[EXERCISE OBJECTIVE]:
Would you please copy the entries exactly, leaving every picture aside?

Dataset items:
* * * * * * *

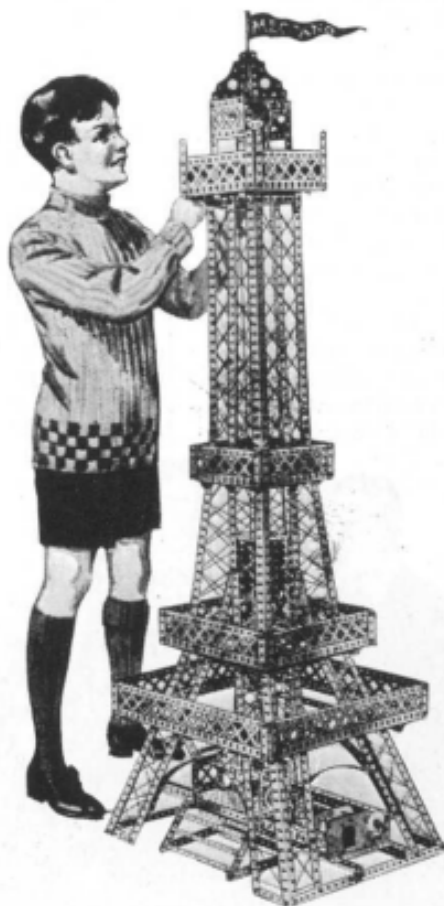
Jean examine la Tour Eiffel

Le système Meccano est en effet rigoureusement conforme aux lois de l'art de l'ingénieur et aux principes de la mécanique jusqu'à ce que ces lois et ces principes soient abolis, rien ne pourra le remplacer. Croyez-m'en : tout autre jouet instructif visant au même résultat par d'autres moyens est fatalement antiscientifique, et de nature, par conséquent, à faire aux jeunes gens plus de mal que de bien, puisqu'il leur met en tête des idées fausses au lieu de connaissances utiles.
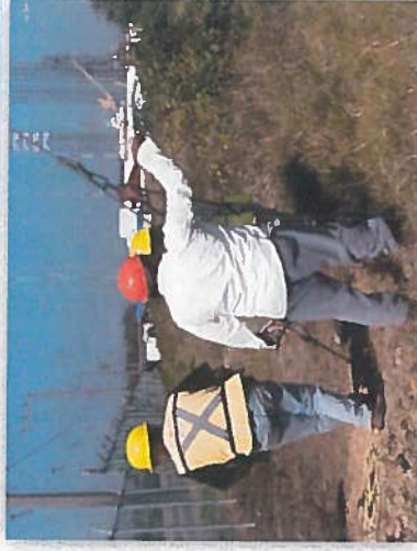
DESMANTELAMIENTO Y RETIRO DE RETENIDA
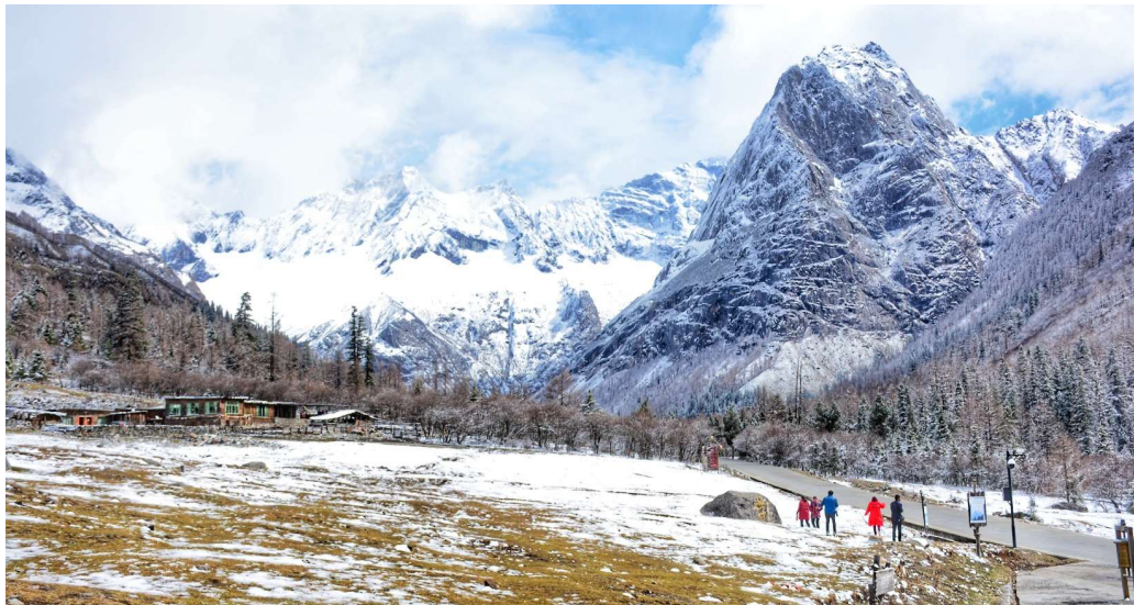
T2G-TFU09SL หนิ่ท่าว เจิงตุ 3 อุทยาน... สีดรุณี บี่เมิงโกว ต่ากุกลาเซียร์ 6D 5N (SL) ไม่งร้านรัฐบดล

นำท่านเดินทางเข้าสู่ อุทยานแห่งชาติฉางผิง ซึ่งเป็นที่ตั้งของ ภูเขาสิีดรุณี (ซื่อกุเหนียงชาน) ชาวทิเบตนิยมเรียกกันในนามเทพแห่งความศักดิ์สิทธิ์ "SKOLA" แปลว่า "เทพเจ้าผู้ปกป้องรักษา" ซึ่งชมความงดงามของภูเขาที่นักท่องเที่ยวชาวต่างชาติทั่วโลกพากันปักหมุดว่า "สักครั้งในชีวิตต้องมาเห็นด้วยตาตัวเอง" อีกทั้งธรรมชาติที่อุดมสมบูรณ์จึงเป็นจุดดึงดูดผู้คนให้มาสัมผัส

* * * * * * *

[EXERCISE ANSWER]:
Jean examine la Tour Eiffel

Le système Meccano est en effet rigoureusement conforme aux lois de l'art de l'ingénieur et aux principes de la mécanique jusqu'à ce que ces lois et ces principes soient abolis, rien ne pourra le remplacer. Croyez-m'en : tout autre jouet instructif visant au même résultat par d'autres moyens est fatalement antiscientifique, et de nature, par conséquent, à faire aux jeunes gens plus de mal que de bien, puisqu'il leur met en tête des idées fausses au lieu de connaissances utiles.
DESMANTELAMIENTO Y RETIRO DE RETENIDA
T2G-TFU09SL หนิ่ท่าว เจิงตุ 3 อุทยาน... สีดรุณี บี่เมิงโกว ต่ากุกลาเซียร์ 6D 5N (SL) ไม่งร้านรัฐบดล

นำท่านเดินทางเข้าสู่ อุทยานแห่งชาติฉางผิง ซึ่งเป็นที่ตั้งของ ภูเขาสิีดรุณี (ซื่อกุเหนียงชาน) ชาวทิเบตนิยมเรียกกันในนามเทพแห่งความศักดิ์สิทธิ์ "SKOLA" แปลว่า "เทพเจ้าผู้ปกป้องรักษา" ซึ่งชมความงดงามของภูเขาที่นักท่องเที่ยวชาวต่างชาติทั่วโลกพากันปักหมุดว่า "สักครั้งในชีวิตต้องมาเห็นด้วยตาตัวเอง" อีกทั้งธรรมชาติที่อุดมสมบูรณ์จึงเป็นจุดดึงดูดผู้คนให้มาสัมผัส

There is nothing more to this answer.